On one measure at least. The sharp fall in US stocks this year has lowered the historical and forward price-earnings ratios and also Robert Shiller’s cyclically-adjusted price-earnings ratio (CAPE). But arguably a better measure than all of these – and the one now preferred by Shiller himself - shows stocks becoming more expensive in 2022, not less. The reason is that bond yields have risen by more than the earnings yield. Lets look at the calculations.
CAPE vs ECY
The CAPE, developed by Nobel-prize winning economist Robert Shiller in the late 1980s has long been the preferred valuation metric for many long-term investors. By comparing the average of 10 years of historical earnings with the current index level, it avoids sometimes misleading results from using just one year. However, the US CAPE has been persistently high in the 21st century, which is often attributed simply to interest rates being so low.

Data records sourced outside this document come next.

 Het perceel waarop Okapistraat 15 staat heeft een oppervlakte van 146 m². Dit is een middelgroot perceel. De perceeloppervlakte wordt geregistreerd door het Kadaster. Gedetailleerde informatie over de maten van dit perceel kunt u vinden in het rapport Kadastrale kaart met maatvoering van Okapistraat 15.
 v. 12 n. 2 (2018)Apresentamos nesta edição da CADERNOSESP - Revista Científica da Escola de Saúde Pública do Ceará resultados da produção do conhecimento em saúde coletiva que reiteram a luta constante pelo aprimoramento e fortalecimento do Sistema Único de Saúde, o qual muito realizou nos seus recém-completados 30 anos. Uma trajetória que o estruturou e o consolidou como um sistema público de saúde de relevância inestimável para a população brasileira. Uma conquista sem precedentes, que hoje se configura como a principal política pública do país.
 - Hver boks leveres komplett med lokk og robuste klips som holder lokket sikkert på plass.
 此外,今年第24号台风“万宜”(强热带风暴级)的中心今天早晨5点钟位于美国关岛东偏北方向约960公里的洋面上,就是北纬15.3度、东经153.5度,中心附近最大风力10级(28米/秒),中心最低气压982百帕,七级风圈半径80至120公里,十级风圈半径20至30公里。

Shiller responded by developing the Excess CAPE yield (ECY) as an alternative measure which includes rates in the calculation. The ECY takes the inverse of the CAPE to get an earnings yield and then subtracts the real bond yield. So, for example, the US CAPE yield stands at about 31.6 today (based on an S&P500 level of 4000) and using the last 10 years of earnings. Take the inverse and we get an earnings yield of 3.2%. With the last 10 years of CPI inflation averaging 2.3% and 10-year bond yields of 2.9% we get a real yield of 0.6%. We subtract that from the earning yield to give an ECY of 2.6%.
Now compare with end-2021. At end-2021 the US CAPE was at 38.3, giving an earnings yield of 2.6%. But the 10-year bond yield was only 1.5% and average inflation in the prior 10 years was 2.1%. (Recent very high inflation has been enough to move the dial on this long-term average in just a few months). So at that time the real bond yield was -0.6% giving an ECY of 3.2%. Higher means cheaper for the ECY (the opposite of the CAPE ratio). So, the ECY has gone down, meaning stocks are more expensive.

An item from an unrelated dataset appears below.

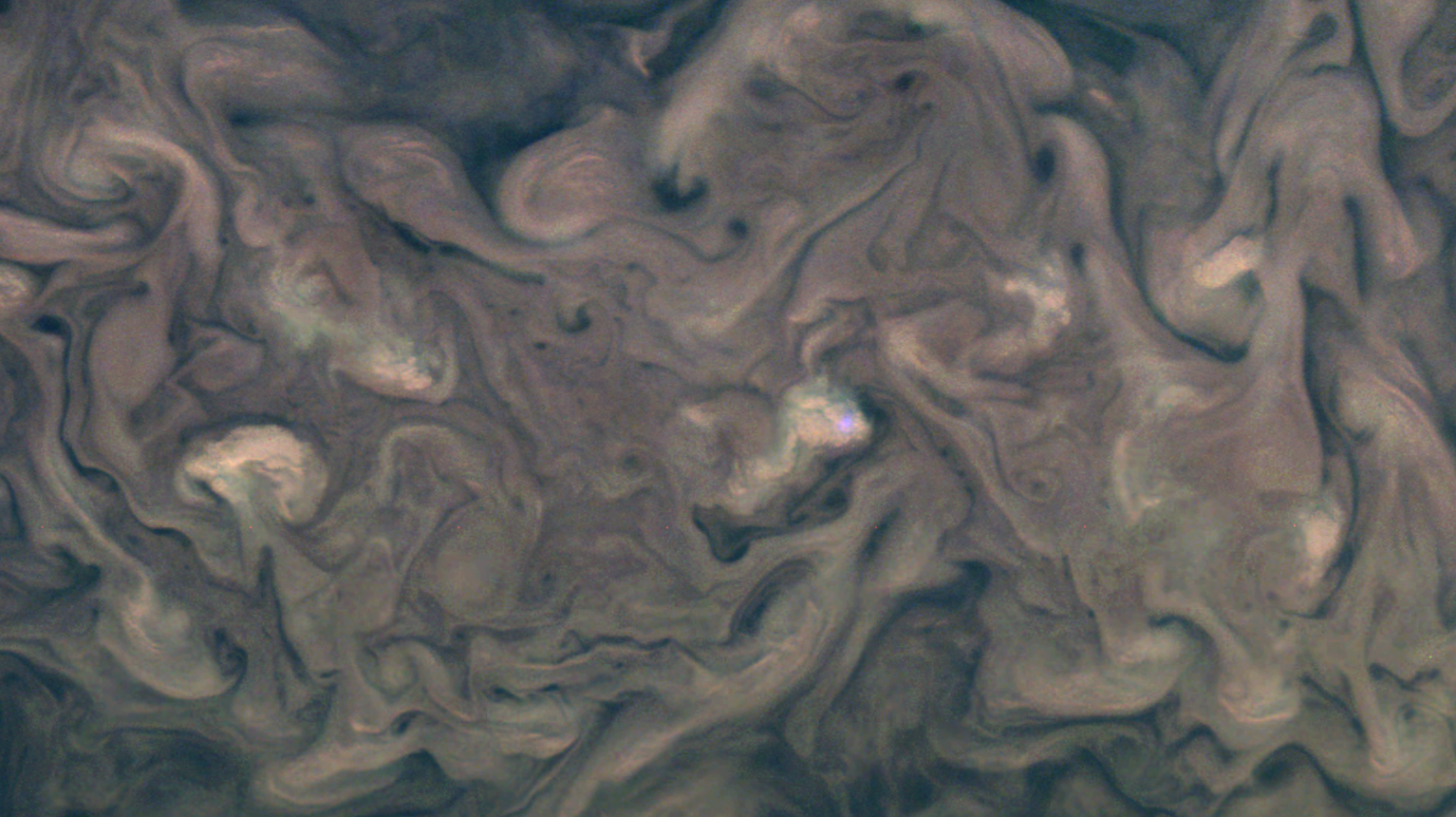 PJ34_50 Crop, Exaggerated Color/Contrast (Blue flash in clouds top?)

Note that Shiller uses historical inflation to calculate the real yield because he wants a consistent approach over his 140-year data set (see Shiller website). But we can also consider the real yield on inflation-indexed bonds (TIPS). It turns out that this has also moved up 1.2% over the same period this year, though the levels are slightly different (-1% to 0.2%). Either way then the ECY shows stocks becoming more expensive this year.
Now some good news
The good news is that, although the ECY shows stocks becoming more expensive they are not nearly as expensive as at past market peaks such as 1929 or 2000 or even the mid-to-late 1960s when the ECY fell to zero or below. Nor, at 2.6% is today’s ECY as expensive as in 2018 when it fell to 1.6%. So the bottom line is that stocks have indeed become more expensive relative to bonds this year but nevertheless are not wildly expensive compared with history.